| DATA FOR ANALYSIS |
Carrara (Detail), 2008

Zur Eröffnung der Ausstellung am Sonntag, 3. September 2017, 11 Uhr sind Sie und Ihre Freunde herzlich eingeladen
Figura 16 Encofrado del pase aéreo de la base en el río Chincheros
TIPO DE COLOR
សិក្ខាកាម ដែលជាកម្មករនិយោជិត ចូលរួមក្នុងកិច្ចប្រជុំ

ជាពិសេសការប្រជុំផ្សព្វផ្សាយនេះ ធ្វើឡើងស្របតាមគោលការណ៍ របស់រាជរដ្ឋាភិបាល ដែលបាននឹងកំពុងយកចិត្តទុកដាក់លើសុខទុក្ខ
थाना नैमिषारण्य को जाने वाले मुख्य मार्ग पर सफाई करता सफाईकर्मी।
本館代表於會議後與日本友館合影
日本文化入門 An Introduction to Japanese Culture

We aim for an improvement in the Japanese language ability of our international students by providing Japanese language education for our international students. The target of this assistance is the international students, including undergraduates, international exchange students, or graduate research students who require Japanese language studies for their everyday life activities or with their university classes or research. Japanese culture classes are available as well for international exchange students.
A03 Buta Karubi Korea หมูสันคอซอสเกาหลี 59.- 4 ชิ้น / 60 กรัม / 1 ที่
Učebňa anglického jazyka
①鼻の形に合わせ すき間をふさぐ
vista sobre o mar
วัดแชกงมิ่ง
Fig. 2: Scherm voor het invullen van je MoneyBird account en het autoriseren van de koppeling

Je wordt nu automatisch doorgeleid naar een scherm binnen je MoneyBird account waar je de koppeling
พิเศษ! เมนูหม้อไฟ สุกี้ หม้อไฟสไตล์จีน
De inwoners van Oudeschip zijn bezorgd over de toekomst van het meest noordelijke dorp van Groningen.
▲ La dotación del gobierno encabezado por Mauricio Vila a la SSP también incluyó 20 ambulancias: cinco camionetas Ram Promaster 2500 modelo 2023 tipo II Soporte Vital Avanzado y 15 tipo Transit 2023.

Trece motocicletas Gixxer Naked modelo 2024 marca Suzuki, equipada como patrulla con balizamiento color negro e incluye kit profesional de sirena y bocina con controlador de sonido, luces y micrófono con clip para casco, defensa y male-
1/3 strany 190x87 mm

| GOAL OF THE EXERCISE |
Please repeat the listing exactly, with nothing left out.

| OUTPUT OF THE EXERCISE |
Carrara (Detail), 2008

Zur Eröffnung der Ausstellung am Sonntag, 3. September 2017, 11 Uhr sind Sie und Ihre Freunde herzlich eingeladen
Figura 16 Encofrado del pase aéreo de la base en el río Chincheros
TIPO DE COLOR
សិក្ខាកាម ដែលជាកម្មករនិយោជិត ចូលរួមក្នុងកិច្ចប្រជុំ

ជាពិសេសការប្រជុំផ្សព្វផ្សាយនេះ ធ្វើឡើងស្របតាមគោលការណ៍ របស់រាជរដ្ឋាភិបាល ដែលបាននឹងកំពុងយកចិត្តទុកដាក់លើសុខទុក្ខ
थाना नैमिषारण्य को जाने वाले मुख्य मार्ग पर सफाई करता सफाईकर्मी।
本館代表於會議後與日本友館合影
日本文化入門 An Introduction to Japanese Culture

We aim for an improvement in the Japanese language ability of our international students by providing Japanese language education for our international students. The target of this assistance is the international students, including undergraduates, international exchange students, or graduate research students who require Japanese language studies for their everyday life activities or with their university classes or research. Japanese culture classes are available as well for international exchange students.
A03 Buta Karubi Korea หมูสันคอซอสเกาหลี 59.- 4 ชิ้น / 60 กรัม / 1 ที่
Učebňa anglického jazyka
①鼻の形に合わせ すき間をふさぐ
vista sobre o mar
วัดแชกงมิ่ง
Fig. 2: Scherm voor het invullen van je MoneyBird account en het autoriseren van de koppeling

Je wordt nu automatisch doorgeleid naar een scherm binnen je MoneyBird account waar je de koppeling
พิเศษ! เมนูหม้อไฟ สุกี้ หม้อไฟสไตล์จีน
De inwoners van Oudeschip zijn bezorgd over de toekomst van het meest noordelijke dorp van Groningen.
▲ La dotación del gobierno encabezado por Mauricio Vila a la SSP también incluyó 20 ambulancias: cinco camionetas Ram Promaster 2500 modelo 2023 tipo II Soporte Vital Avanzado y 15 tipo Transit 2023.

Trece motocicletas Gixxer Naked modelo 2024 marca Suzuki, equipada como patrulla con balizamiento color negro e incluye kit profesional de sirena y bocina con controlador de sonido, luces y micrófono con clip para casco, defensa y male-
1/3 strany 190x87 mm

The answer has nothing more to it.